### [WHAT YOU ARE ASKED TO DO]
Instruction for the entries below: return the part that opens with the line containing "Care 75 粒(Caplets)" and closes with the line containing "3月28日,廣安區大龍鎮自力", exactly, and no pictures.

### [SOURCE DATA]
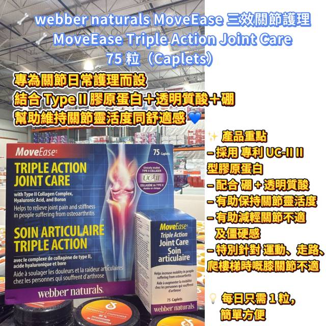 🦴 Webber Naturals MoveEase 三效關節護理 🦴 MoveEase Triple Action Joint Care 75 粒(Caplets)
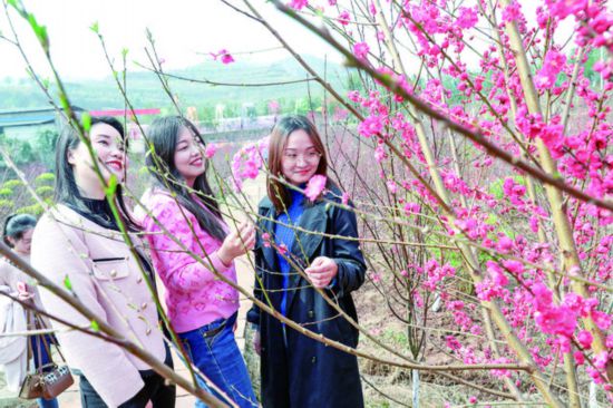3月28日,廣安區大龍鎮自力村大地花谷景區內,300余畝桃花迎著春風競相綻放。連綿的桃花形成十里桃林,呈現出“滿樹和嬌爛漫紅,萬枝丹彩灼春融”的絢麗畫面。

---

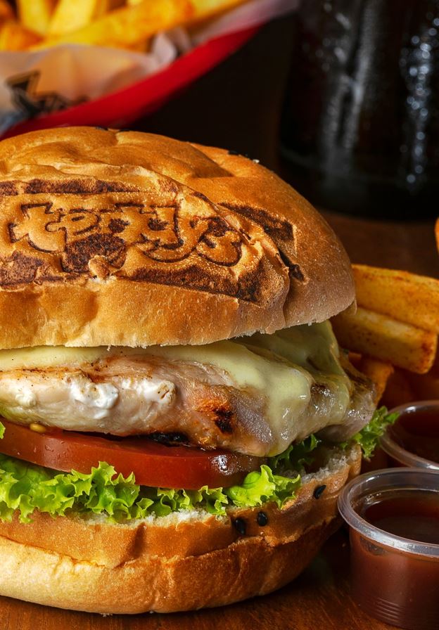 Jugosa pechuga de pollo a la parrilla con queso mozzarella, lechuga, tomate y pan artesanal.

### [RESULT FOR THIS EXERCISE]
 🦴 Webber Naturals MoveEase 三效關節護理 🦴 MoveEase Triple Action Joint Care 75 粒(Caplets)
3月28日,廣安區大龍鎮自力村大地花谷景區內,300余畝桃花迎著春風競相綻放。連綿的桃花形成十里桃林,呈現出“滿樹和嬌爛漫紅,萬枝丹彩灼春融”的絢麗畫面。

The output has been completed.